ITALY – Campari Group has announced plans to take over the production of the French liqueur Picon internally by the end of the year, marking a significant strategic move following the conclusion of a deal with Diageo.
The decision comes after Campari acquired Picon in 2022, with Diageo initially agreeing to continue manufacturing Picon products for a transitional period of two years.
Now, Campari intends to transfer the production to its facility in Aubevoye, situated northwest of Paris.
“This is a standard procedure that we have planned to do since the closing of the acquisition,” stated a spokesperson for Campari Group. “We aim to anchor brands to their territories, and this is a part of the brand’s heritage.”

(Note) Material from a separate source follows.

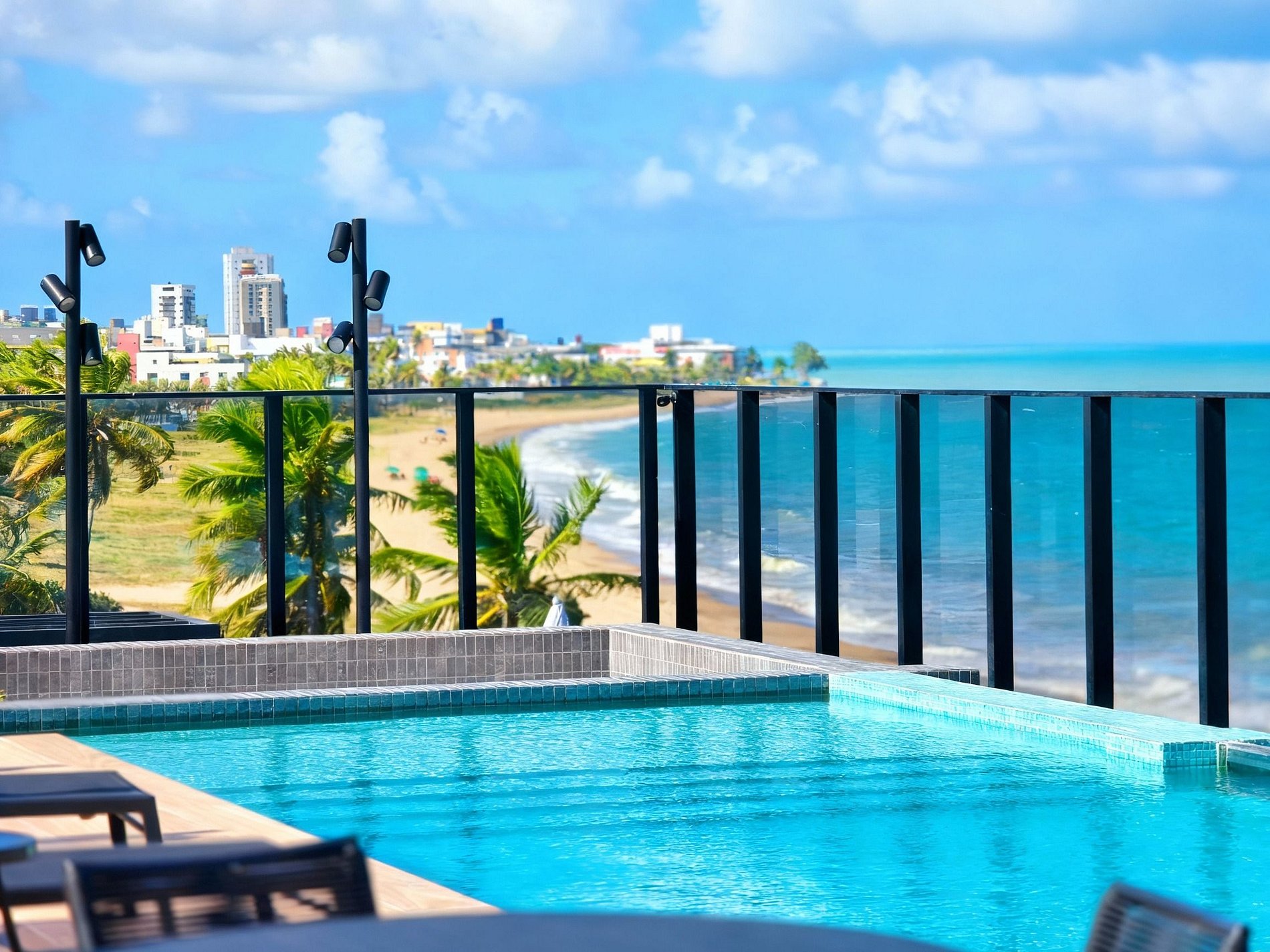 O prédio complementa a experiência com piscina panorâmica no rooftop, academia moderna, portaria 24h, estacionamento rotativo gratuito e check-in expresso, tudo para uma estadia sem preocupações.
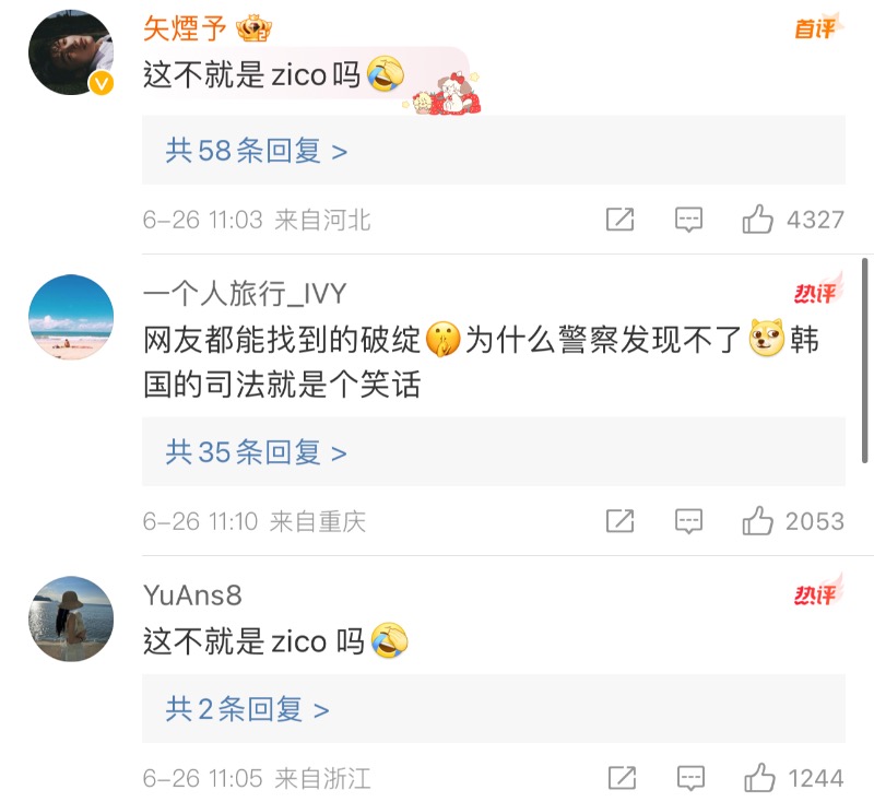 隨著熱議,Zico方雖然發出了強硬的回應立場,但韓網依然有相關討論熱帖,像是將Zico照和嫌疑犯的對疊圖👇

Picon, known for its distinct French flavor, has a strong foothold in its domestic market, with approximately 80 percent of its €21.5 million (US$23.3M) sales in the fiscal year ended June 2021 coming from France.
In Campari’s 2023 annual report, France and Belgium were identified as the “core markets” for Picon.
In addition to the internal restructuring surrounding Picon, Campari Group made headlines late last year with the announcement of its acquisition of Courvoisier, a renowned Cognac brand, from Beam Suntory for up to US$1.32 billion.
The deal is set to be Campari’s largest acquisition to date underscoring the company’s commitment to strategic expansion and portfolio diversification.
The Italian company’s full-year sales rose by 8.2 percent (on a reported basis) to €2.92 billion (US$3.1bn). Fourth quarter (Q4) sales increased by 10.6 percent. In the first six months of 2023, the Milan-based group’s sales grew by 14.2 percent.
Campari attributed the group’s positive full-year performance to ‘solid brand momentum’, led by double-digit gains for apéritif brands Aperol and Campari, and Espolòn Tequila.
By market, the group recorded increases in all regions, with the US – its biggest market with 44 percent of total sales – rising by 7.7 percent.
For 2024, the group said it ‘remains confident on continued industry outperformance in a normalising macro environment’.
Matteo Fantacchiotti, deputy CEO of Campari Group, expressed confidence in the company’s growth trajectory, stating, “We will continue our transformational growth journey, leveraging Campari Group’s key strategic pillars, combining organic and M&A growth, geographic and portfolio expansion, and balancing growth with returns.”